India Can Help Cement Global Commitment on HFCs

This week’s Leader’s Summit on Climate is a good time for India to signal to a strong commitment to climate action by announcing its plan to ratify the Kigali Amendment, a global pact struck in 2016 which aims to phasedown harmful hydrofluorocarbons used in cooling appliances. 

Air conditioners in Delhi-NCR region

Co-authored with Marie McNamara

As nations convene for the Leader’s Summit on Climate this week, it is a good time for India to announce its plans to ratify the Kigali Amendment, a global pact struck in 2016 which aims to phasedown harmful Hydrofluorocarbon (HFC) refrigerants used in cooling appliances. HFCs are on average several thousand times more potent than carbon dioxide. If fully implemented, the Kigali Amendment could prevent up to 0.5°C of global warming by the end of this century and achieve a nearly 90% reduction in global warming resulting from unconstrained HFC use.


The Kigali Amendment is already backed by 119 countries around the world. However, for the agreement to be effective, the world's highest current and potential HFC emitting countries—China, the United States, and India—must also all formally ratify it. Fortunately, there have been major developments on that front—China announced this week its decision to ratify the Kigali Amendment. The US is also taking action; within days of taking office, President Biden directed his administration to prepare to send the Kigali Amendment to the Senate for its advice and consent to U.S. ratification. And, late last year, the U.S. Congress passed the AIM Act on HFCs, a new law that will bring the U.S. into compliance with the obligations of the Kigali Amendment within a matter of months.

India has for decades played a key role in bringing about the success of the Montreal protocol, the hugely successful international environmental treaty on which the Kigali Amendment is based.
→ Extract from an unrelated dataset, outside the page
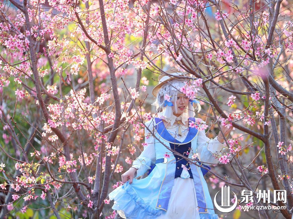 今日春分,泉州古城春意盎然,正是赏花好时节。图为:泉州崇福寺,盛放的樱花暖阳下争艳,吸引市民前来赏花游玩。(王柏峰/摄)

India’s ratification of the Kigali Amendment would send a strong signal to the rest of world about its commitment to the treaty moving forward, encouraging other countries to ratify and signaling that a rapid global market transition is soon to begin.
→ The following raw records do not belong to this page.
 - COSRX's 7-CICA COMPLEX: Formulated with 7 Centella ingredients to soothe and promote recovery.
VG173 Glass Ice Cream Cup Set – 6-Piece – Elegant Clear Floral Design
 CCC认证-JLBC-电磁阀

India has been a leading participant in Montreal Protocol discussions

Five Reasons for India to Ratify the Kigali Amendment

  1. India is ready to embrace market transition. The ratification would signify that India is ready to compete in the market for climate friendly refrigerants, which will spur domestic innovation and attract international investments.
  2. India is earnest about climate change. India is one of the few countries on track to meet its climate commitments under the Paris Agreement. Kigali ratification, with its strong and fast action on HFCs, will further solidify this trend.
  3. India is committed to climate-friendly cooling for all. In a country already experiencing extreme heat waves, cooling is an absolute necessity. Ratifying the Kigali Amendment would demonstrate that India has a plan to provide much needed cooling for millions while balancing the need to protect the environment.
  4. India will go to Montreal Protocol from a position of strength. India’s has already established strong climate credentials from its work on the Montreal Protocol for the past several decades. Ratifying the Kigali Amendment would strengthen India’s influence and goodwill around the globe and help bolster India’s efforts to establish smart policies and bylaws, such as including energy efficiency in phasing down HFCs, and more.
  5. Kigali ratification would formalize the work India is doing on HFCs. India has been moving forward to implement the India Cooling Action Plan, which embodies the Kigali Amendment’s goals to phase down HFCs and reduce cooling demand. The ICAP, released in March 2019, aims to reduce refrigerant demand by 25-30% by 2037, train and certify 100,000 servicing sector technicians by 2022-23 and reduce overall demand for cooling across sectors by 20-25. Several of these interventions are already being implemented. Ratifying the Kigali Amendment would signal that India is steadfast in achieving the Montreal Protocol goals, and reaffirm India as a responsible international power, committed to increased climate ambition.

Prima Madan is an energy efficiency expert working as a consultant with NRDC's India program. Marie McNamara is a Duke Stanback Fellow with NRDC's India program.